A: Ensure you have restarted the correct PHP package. Sometimes there are multiple PHP versions running; you need to restart the one associated with your site. If the issue persists, try manually editing the scws.ini
file and double-check the file paths and for syntax errors.
Q: How do I create and use a custom dictionary?
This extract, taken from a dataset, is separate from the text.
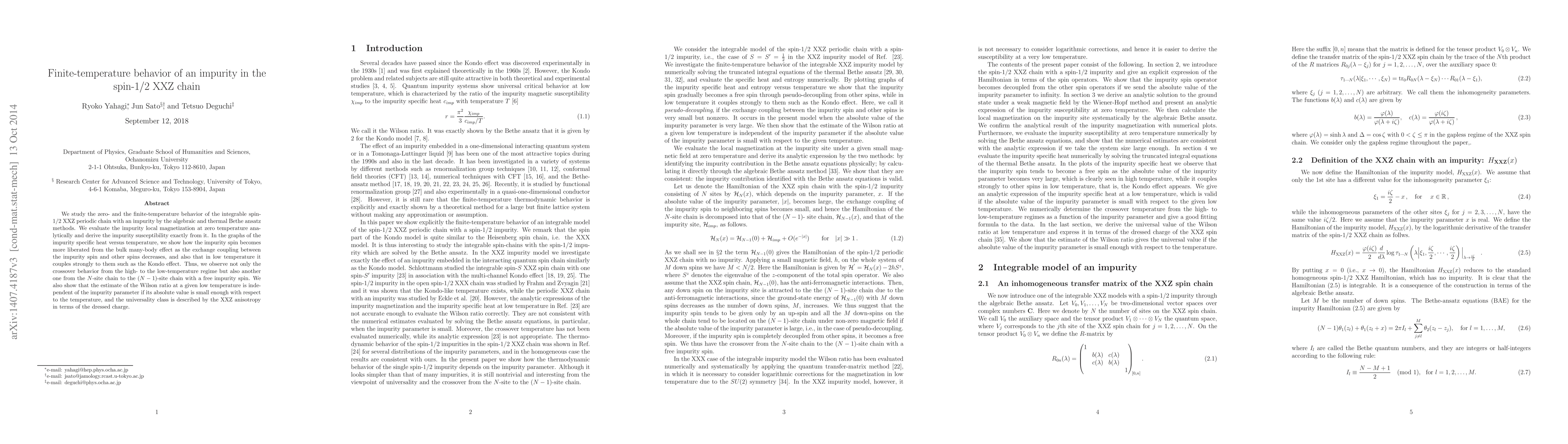This paper investigates the finite-temperature behavior of an impurity in a spin-1/2 XXZ chain using algebraic and thermal Bethe ansatz methods, revealing a transition from high- to low-temperature regimes and a crossover from an $N$-site to $(N-1)$-site chain with a free impurity spin, akin to the Kondo effect. The study also shows that the Wilson ratio at low temperatures is independent of the impurity parameter when its magnitude is small relative to the temperature.
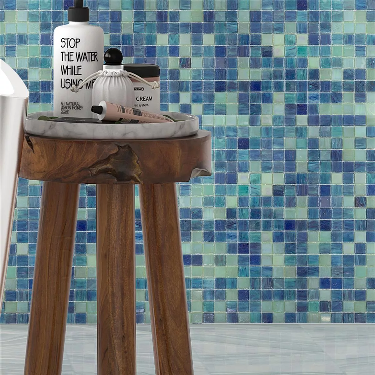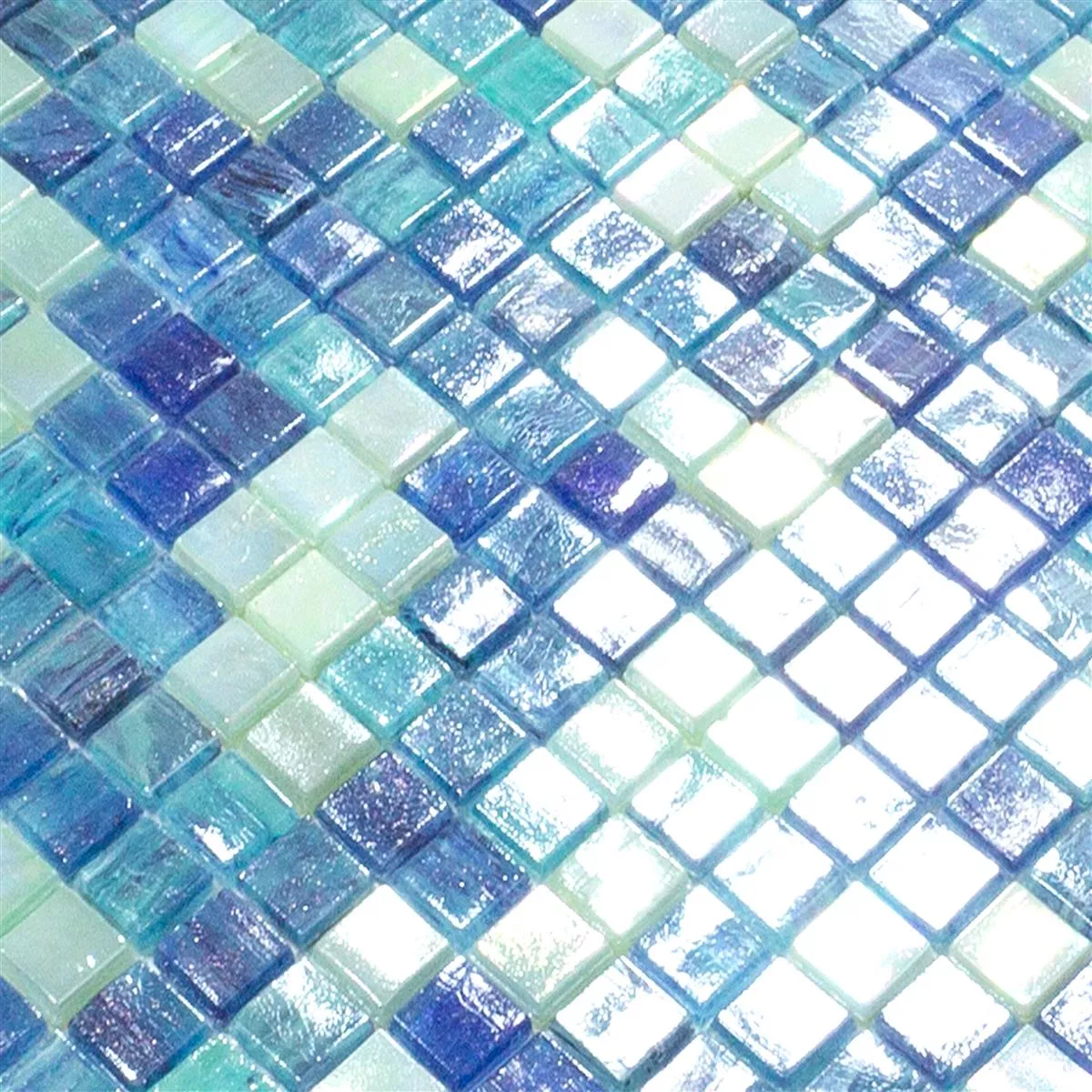 Carla glasmosaikplattor i de attraktiva färgerna turkos och blått ger dina rum en maritim atmosfär och ger en cool, modern touch.

A: Refer to the “Creating and Configuring SCWS Dictionaries” section above. Use the scws-gen-dict
tool to convert your plain text dictionary to xdb format, then load it into your PHP code using the add_dict()
method.
Q: What is the SCWS rules file (rules.utf8.ini
) for?
A: The rules file is mainly used for part-of-speech tagging and handling specialized segmentation rules. ServBay provides a default rules file, which should suffice for most uses.
Conclusion
ServBay provides developers with an effortless way to enable and manage the SCWS PHP Chinese text segmentation module. Whether you prefer the intuitive graphical UI or flexible manual configuration, SCWS can be seamlessly integrated into your PHP development workflow. With the SCWS tools and default dictionary pre-installed, you can quickly get started and leverage SCWS’s high efficiency and accuracy in Chinese text processing—perfect for web applications like search and content analysis. As part of ServBay’s rich software package ecosystem, SCWS integration further enhances ServBay’s completeness and utility as a local development environment.